Welcome, Class of 2016! All your hard work (or lies) paid off and you should be proud to be a freshman at Harvard. But if you’re not, and are instead ashamed to be once again at the bottom of your school’s caste system, here is some helpful advice for masquerading as an upperclassman.

How to Dress

First, take off your Class of 2016 t-shirt. It is a dead giveaway. You should never wear it. Exception: If going to a final club, you will want to wear it to advertise the fact that you are young and naïve.

Next, ditch the lanyard. Just throw your keys and ID in your backpack. Don’t worry too much about losing your keys, because you won’t need them. Sleeping in the freshmen dorms is another dead giveaway that you're, um, a freshman, so just find a couch in Lamont. Or, if you did FOP, start a new Occupy movement and pitch a tent in the yard.

How to Get Around

Like wild dogs and cigarettes, freshmen always travel in packs.

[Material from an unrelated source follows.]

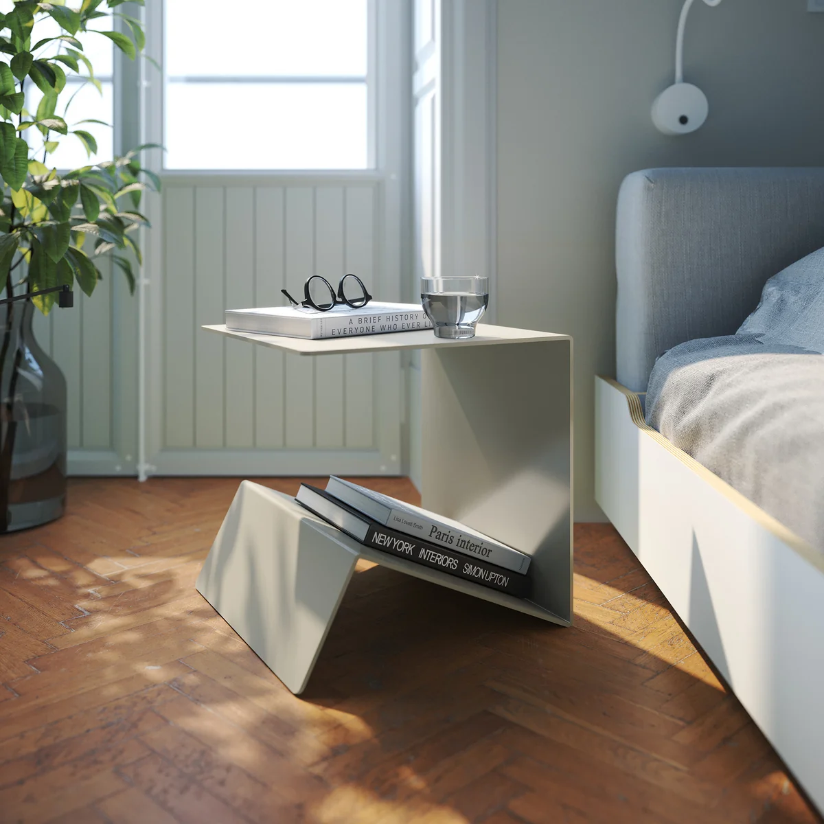 Der Beistelltisch Buk von Designer Michael Hilgers vereint minimalistisches Design mit maximaler Flexibilität. Dank seiner raffiniert gefalteten Konstruktion kann der Tisch einfach auf den Kopf gestellt werden und bietet so verschiedene Nutzungsmöglichkeiten: als Büchertisch, kleines Regal, Ablage für das Notebook oder sogar als stilvolles Notenpult. Gefertigt aus 5 mm starkem Aluminium, ist Buk robust, langlebig und in verschiedenen pulverbeschichteten Farben erhältlich.

This ensures that, when they get lost in the desolate wilds of Cambridge, there will always be enough people to breed a new civilization. It is tempting to follow suit, but if you want to look like an upperclassman when you're walking to lunch or class, it is best to walk alone or in pairs. If you are worried about safety you can always carry pepper spray. That should keep the tourists away.

And remember, never use your map or ask for directions. Upperclassmen always pretend like they know where they are going, and you should, too. You will probably get lost looking for your classes, but the best thing about shopping week is that you can just interrupt any class and pretend that you actually intended to be there. If you end up stumbling into an upper division math class or a senior tutorial, bonus points!: you will look even older.

How to Talk

In reality, it is best to keep your speech to a bare minimum—an eagerness to speak is characteristic of all freshmen. Grunts and spastic hand gestures will not only be an appropriate response to most questions, but will make you look cool and indifferent, just like an upperclassman. Some may even assume you’ve spent too much time experimenting with illicit substances, and you know what that means...more upperclassmen cool points.

If you're accused of being mute or your roommates threaten to stage an intervention, you may have to say something. So you can prepare to answer the basics. If people ask you what your concentration is, have a minor existential meltdown—they will assume you are a sophomore. If people ask you what you did this summer, tell them you worked on your thesis at the National Archives of Sweden or spread AIDS awareness to elephants in Thailand or something.

So congratulations! You may be friendless, homeless, and taking all advanced physics classes, but at least everyone will think you are a lonely, homeless, and (struggling) upperclassman. Which, of course, is preferable to being a freshman.